--- Given data ---
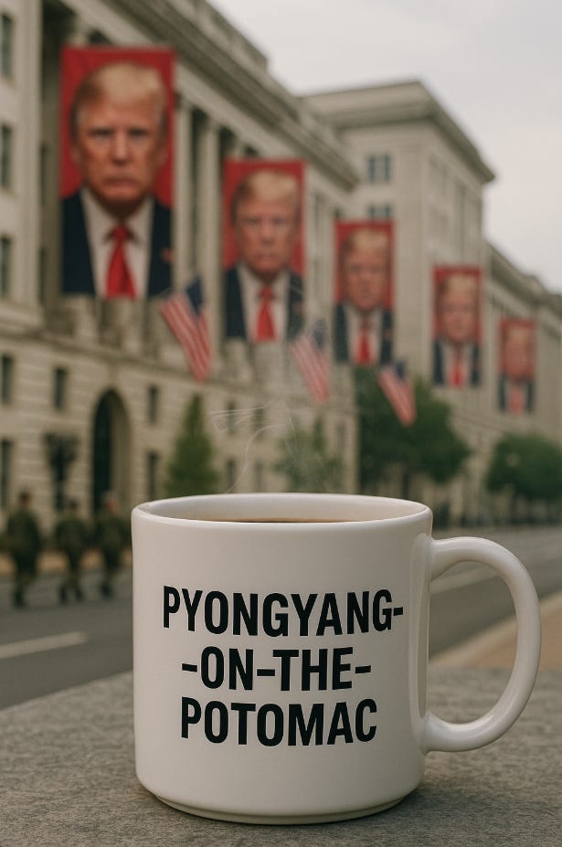 And while Exxon strikes its bargain abroad, parades as a two-bit despot on the home stage. The nation’s capital is now draped with giant banners of his mug-shot-like face, Saddam’s Baghdad meets Pyongyang on the Potomac. The National Guard, once tasked with protecting democracy, now spends its days picking up trash or standing idle for the cameras in Trump’s crime-emergency theater. Inside, a four-hour cabinet meeting descended into parody, with officials thanking “dear leader” for saving college football, resurrecting law enforcement, and generally being the best boss since FDR. One even suggested he deserved a Nobel Prize. The groveling was so absurd it could have embarrassed Kim Jong-un’s ministers.
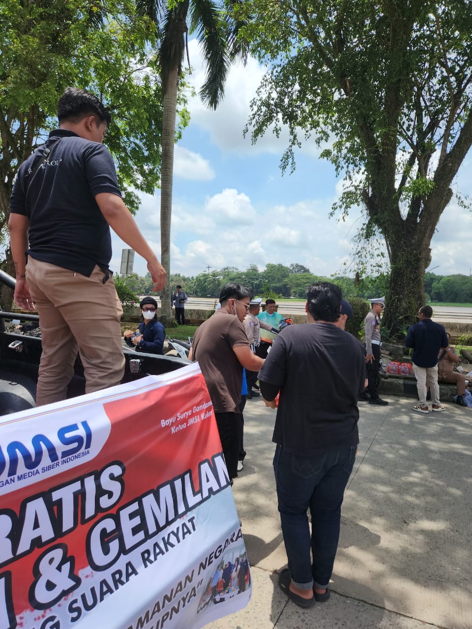 “Ini sebagai bentuk kepedulian JMSI. Kami mendukung mahasiswa dan masyarakat menyuarakan suara rakyat dengan damai. Minuman dan camilan ini sederhana, tapi semoga jadi penyemangat,” ujarnya.
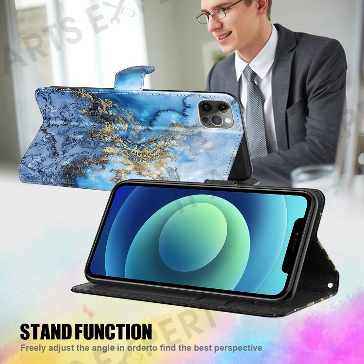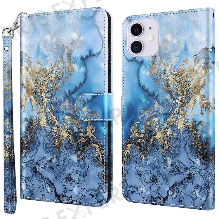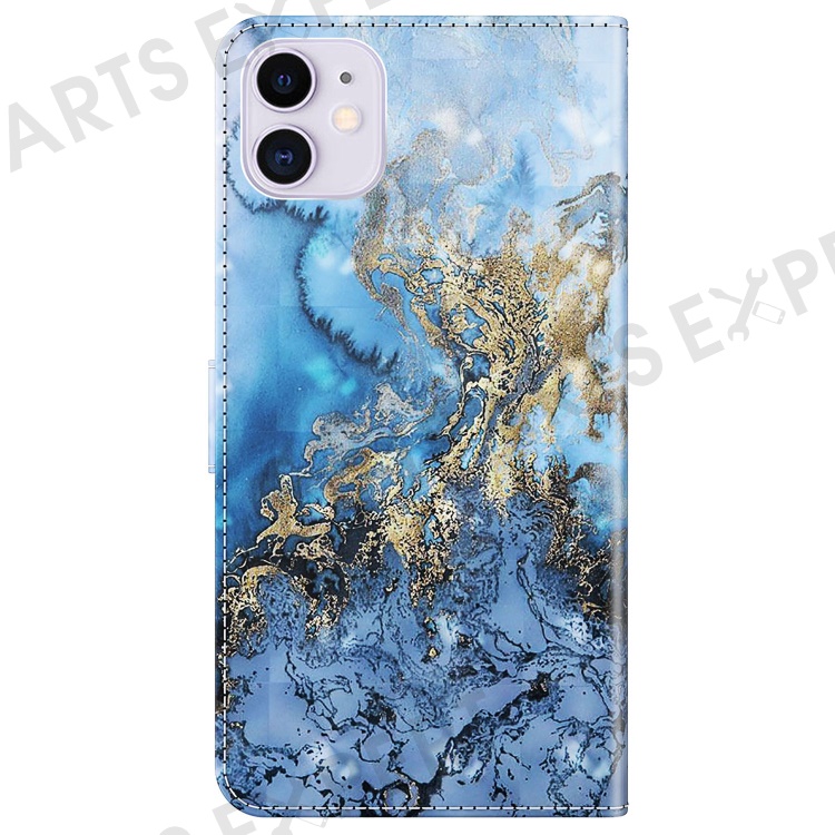 For iPhone 14 6.1 inch Shockproof PU Leather Phone Case Stand 3D Pattern Printed Magnet Closure Wallet Full Protection Phone Cover with Strap - Bauhinia Valley
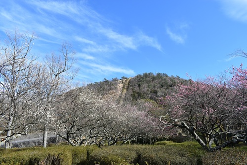 歩いて登る場合は、歩道の途中に恐竜の遊具がある恐竜広場と、言葉通り展望がすばらしい展望広場を通りながら山頂まで30分程度で登ることが出来ます。展望広場はとても広く遊具のほかにも休憩スペースやベンチなどもありますので、お弁当を持参して訪れるのもおすすめです。巡視の際は見ごろを終えた早咲きの桜の花びらが風に舞っていました。この桜は1月の下旬頃咲き始めるので、新年早々、広場でお花見も楽しめそうです。
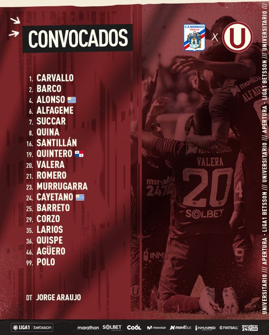 Estos son los jugadores convocados por parte de Universitario de Deportes.
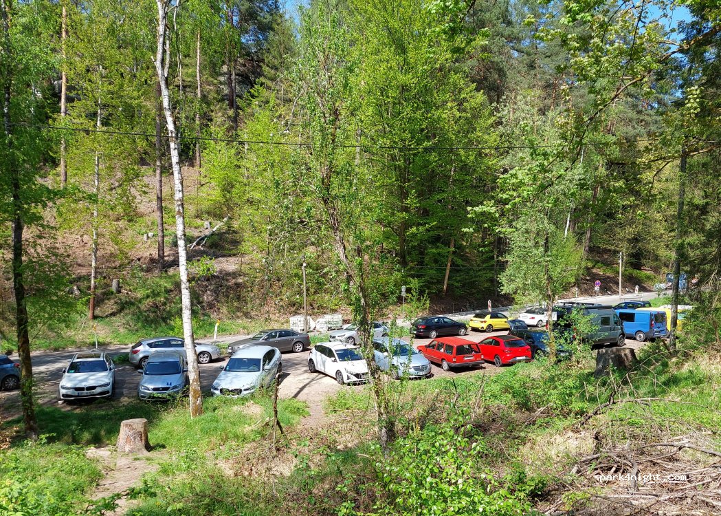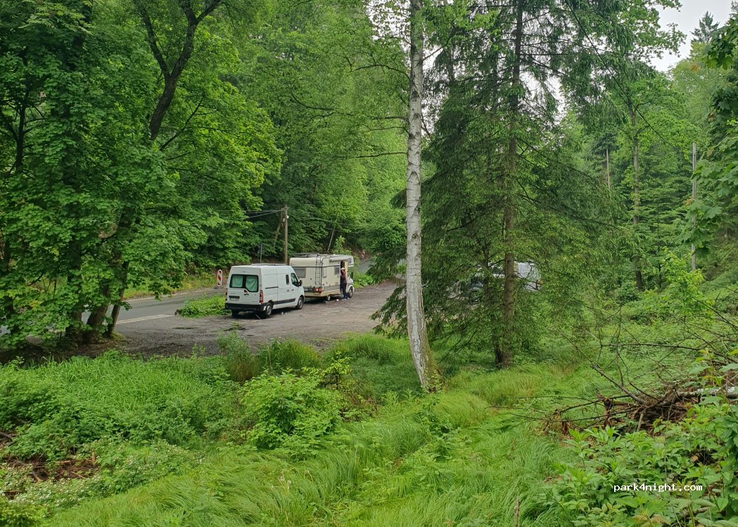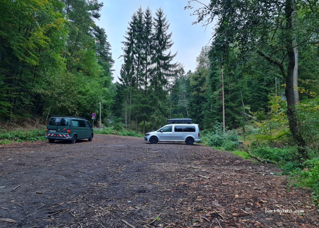 Good place for hiking up to Schrammsteinaussicht, we arrived about 5:30pm and hiked up for sunset would recommend. Stayed the night no issue, busy with hikers in the day but peaceful night. Not suitable for bigger vehicles, unpaved so would be muddy after rain.
---
How to complete this task → Exactly the lines from the one with "歩いて登る場合は、歩道の途中" through the end of the entries above must be written out, and no pictures may be included.

Response area →
 歩いて登る場合は、歩道の途中に恐竜の遊具がある恐竜広場と、言葉通り展望がすばらしい展望広場を通りながら山頂まで30分程度で登ることが出来ます。展望広場はとても広く遊具のほかにも休憩スペースやベンチなどもありますので、お弁当を持参して訪れるのもおすすめです。巡視の際は見ごろを終えた早咲きの桜の花びらが風に舞っていました。この桜は1月の下旬頃咲き始めるので、新年早々、広場でお花見も楽しめそうです。
 Estos son los jugadores convocados por parte de Universitario de Deportes.
 Good place for hiking up to Schrammsteinaussicht, we arrived about 5:30pm and hiked up for sunset would recommend. Stayed the night no issue, busy with hikers in the day but peaceful night. Not suitable for bigger vehicles, unpaved so would be muddy after rain.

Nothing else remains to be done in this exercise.